Vive le système de filtration « Les filtres jouent un rôle essentiel dans une climatisation », estime Daniel Camus, de l’institut Pasteur de Lille, qui rappelle quelques règles : « Ils doivent être retirés, puis nettoyés périodiquement selon les recommandations du fabricant. En cas de suspicion du Covid-19, le nettoyage doit être fréquent. » Quel filtre choisir ? « Le mieux est de s’appuyer sur la dénomination Hepa [High-Efficiency Particulate Air, NDLR], qui s’applique à tout dispositif pouvant filtrer, en un passage, au moins 99,97 % des particules de diamètre supérieur ou égal à 0,3 micromètre », explique ainsi Isabella Annesi-Maesano, directrice du département épidémiologie des maladies allergiques et respiratoires de l’Inserm. Les particules inférieures à 0,3 micromètre sont les plus difficiles à filtrer. « Les plus petites sont filtrées grâce au phénomène de diffusion lié au mouvement brownien, un mouvement aléatoire qui les fait atterrir dans les fibres du filtre. Certaines peuvent s’en échapper, comme le Sars-CoV-2, une particule ultrafine », poursuit la chercheuse. Faut-il se méfier des systèmes de ventilation mécanique contrôlée (VMC) ? « Cela fait circuler l’air dans la maison, et c’est donc sans danger à condition que la sortie ne soit pas obstruée, ce qui peut favoriser l’apparition de moisissures », explique Daniel Camus. Les ventilateurs ? « Évitez de les diriger directement vers une personne et, surtout, ne les utilisez pas si plusieurs individus se trouvent dans la pièce. »
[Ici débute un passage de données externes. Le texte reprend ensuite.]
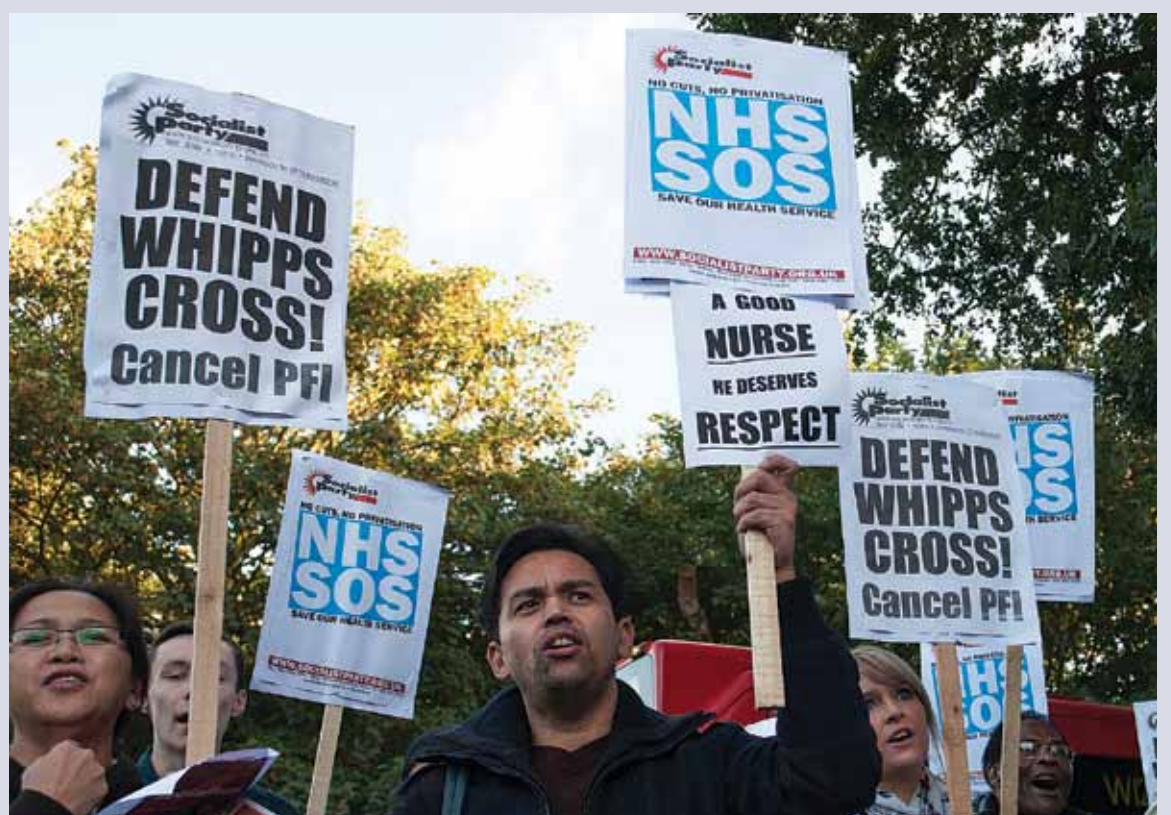
The hospital workforce has a central role to play in the fight to defend the NHS

On 21 September there is a demonstration through the borough. Workers have been taking leaflets for the last few weeks to help build this demo, and went away yesterday armed with the last batch, determined to make it a great success.

Peut-on simuler le trajet de l’air dans une pièce ? Oui, et c’est une expérience à laquelle s’est prêté l’hôpital SaintFrançois, à Marange-Silvange, en Moselle. En avril, l’établissement devait aménager un étage pour accueillir les patients atteints du Covid-19. « Le directeur nous a transmis le plan en 2D de son établissement assorti d’informations clés comme la nature de son système de ventilation, la localisation des portes, des fenêtres et des couloirs », explique Frédéric Vacher, directeur de l’innovation chez Dassault Systèmes. Une équipe de makers, parmi lesquels Jonathan Jilesen, qui a créé un modèle de simulation numérique de l’éternuement avec le MIT, a ensuite donné vie, en images, aux champs d’écoulement de l’air. Conclusion ? « La majeure partie des risques de contamination se trouvait près du distributeur d’eau disposé dans le couloir. Cela nous a permis d’inciter le personnel à rester vigilant », explique Sébastien Laurent, directeur adjoint de l’hôpital. Une estimation au doigt mouillé ? « Nous avons un savoirfaire dans le mouvement des fluides, que ce soit concernant la pénétration d’un véhicule dans l’air ou l’écrasement d’une goutte sur un pare-brise », poursuit Frédéric Vacher, qui a réitéré cette expérience à l’institut Montsouris, à Paris.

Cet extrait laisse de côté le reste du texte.